Bernard Williams on Moral Knowledge

Among the many promises of the Enlightenment was the promise that morality, hitherto grounded, it was claimed, on nothing more worthy of respect than religious authority or the habits of the tribe, should henceforth be founded upon Reason. Among the major figures of the Enlightenment, Hume alone found the whole project suspect. The major moral philosophies of the period, most notably those of Kant and Bentham, are attempts to ground morality in rational reflection by representing moral injunctions as the outcome of a determinate process of ratiocination conducted by the moral agent himself. Moral Thought was born.

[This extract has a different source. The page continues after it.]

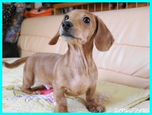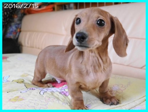 亡くなった愛犬達と同じ、 ワイヤーダックスの子犬を探していましたが、珍しい犬種という事もあり、 なかなか出会えませんでした。 諦めかけた頃、こちらのサイトで可愛い子犬を見つけ、思いきってメールをさせて頂きました。 遠藤ブリーダー様の迅速丁寧な対応で、 お陰様で無事に子犬を迎える事が出来ました。 本当にありがとうございました。 ブリーダーズ様にも感謝致します。 (北海道 女性)

These ideas retain a powerful hold upon us. It is not just that the major architects of Enlightenment thought upon these questions remain the staple of university courses in Ethics. By and large we — liberal intellectuals, that is — are still prepared to buy into the Enlightenment dream of a community of free and reflective individuals who elaborate their collective moral outlook through some process of open, rational discussion.

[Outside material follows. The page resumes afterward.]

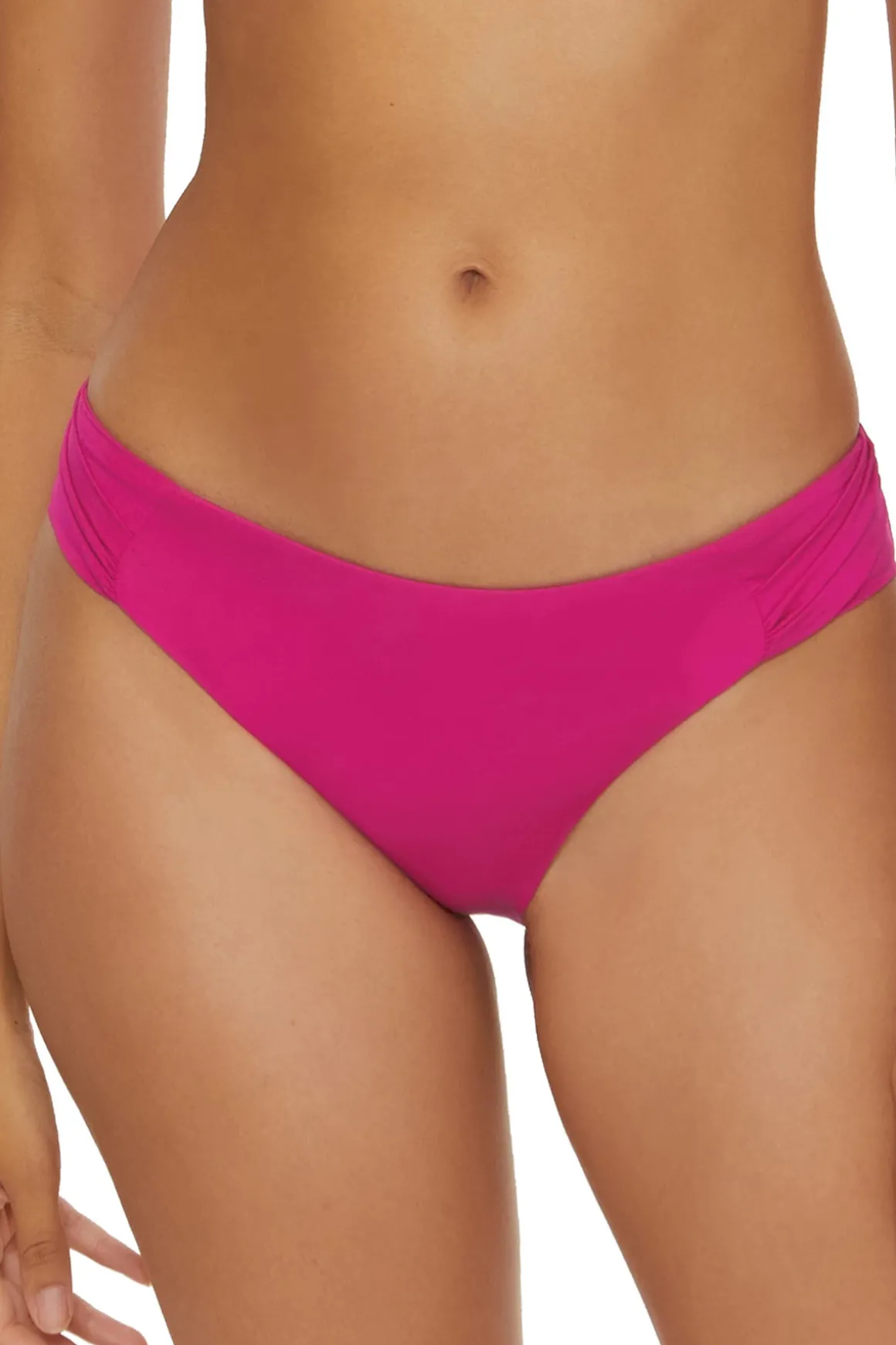 Monaco hipster bikini bottom features shirred tab sides and offers a French cut with moderate coverage.

It is thus not entirely decent to enquire whether a reflectively grounded morality is in fact an intelligible goal. This is Williams’ question in Ethics and the Limits of Philosophy. And although there is some suggestion that he takes himself to be answering it with an extremely qualified ‘yes’, the general impression left by the book strikes me as a good deal less positive.

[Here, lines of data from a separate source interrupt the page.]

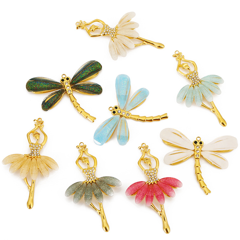 Pendentifs en acier inoxydable strass, Acier inoxydable 304, avec résine, Placage, DIY & pavé de micro zircon, plus de couleurs à choisir, 4PC/sac, Vendu par sac
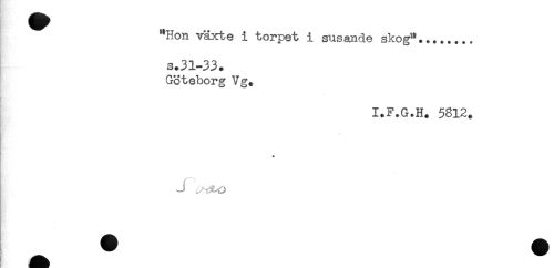 //// "Hon växte i torpet i susande skog"........ //// s.31-33. //// Göteborg Vg+ //// I.F.G.H. 5812. //// * ////
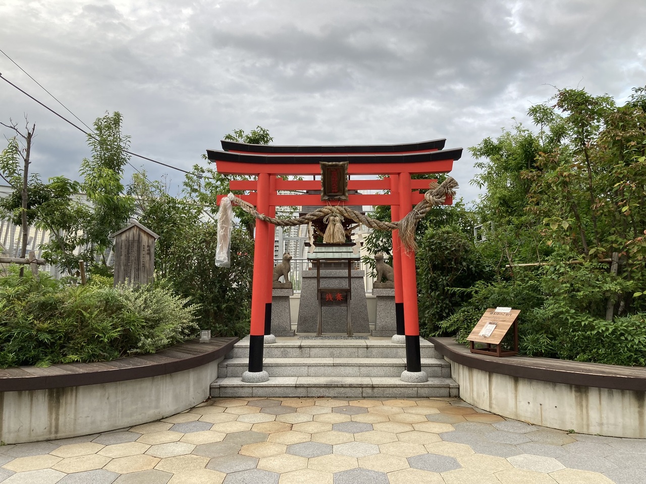 開業時に京都伏見稲荷大社から分祀され創建。原爆罹災のち、戦後再建との説明あり。

The book presents itself, to be sure, as calling into question more the pretensions of philosophy than the rationality of morals. It sets itself up, that is to say, as an attack on the claim of academic philosophy to fulfill the promise of a rationally grounded morality. Williams aims for ‘a scepticism that is more about philosophy than it is about ethics’ (p.74). And even then, not every kind of philosophical talk about ethics is in his sights.

There could be a way of doing moral philosophy that started from the ways in which we experience ethical life . . . it would involve a phenomenology of the ethical life. This could be a good philosophy, but it would be unlikely to yield an ethical theory. (p.95)

Ethical Theory, then, is Williams’ real target, an ethical theory being ‘a theoretical account of what ethical thought and practice are, which account either implies a general test for the correctness of basic ethical beliefs and principles; or else implies that there cannot be such a test.’ (p.72) Almost the whole menagerie of such theories still thought worth discussing are paraded through the pages of this quite slim book, from Aristotle to Rawls’ contractarianism, to Professor R.M. Hare’s latest version of utilitarianism. Such breadth of scope means that for quite a lot of the time the argument is at best sketchy and at worst perfunctory. The closest we get to Williams’ usual style of clear, penetrating and sometimes devastating analysis is in the critique of Hare on pp.82-92, to my mind the best bit of the book, considered as an original piece of philosophy. On the other hand there are copious references to the large recent literature on these issues, which supplement Williams’ remarks and to some extent flesh out the skeleton of his argument.

Ethical theories fail, Williams argues, because they offer ways of testing for the correctness of ‘basic ethical beliefs.’ There can be no such test, because in this context the notion of correctness itself is suspect. One of Williams’ few upbeat claims in the book is that ‘the natural sciences, at least, are capable of objective truth’ (p.198), and in a chapter on ‘Relativism and Reflection’ he remonstrates with Richard Rorty, who happened at this moment to have appointed himself Chief Mocker in this particular temple. Williams needs scientific Realism because his claim is that it is by contrast with the objectivity of science that the claims of morality to possess an objective foundation look so pitiful. Williams grants that in the application of what he calls ‘thick’ moral concepts (treachery, promise, brutality, courage are examples offered on p.129) we may be ‘guided by the world’: i.e., that it can just be a matter of fact whether, for instance, somebody has made a promise or behaved treacherously. Moreover he rejects the usual method of debunking this suggestion: that of distinguishing two components of meaning, one ‘descriptive’, the other ‘prescriptive’, in each such judgment. In order to grasp the meaning of a concept like treachery or promise, Williams insists, an observer cannot just grasp its ‘factual content’: he/she must ‘grasp imaginatively its evaluative point’ (p.142). 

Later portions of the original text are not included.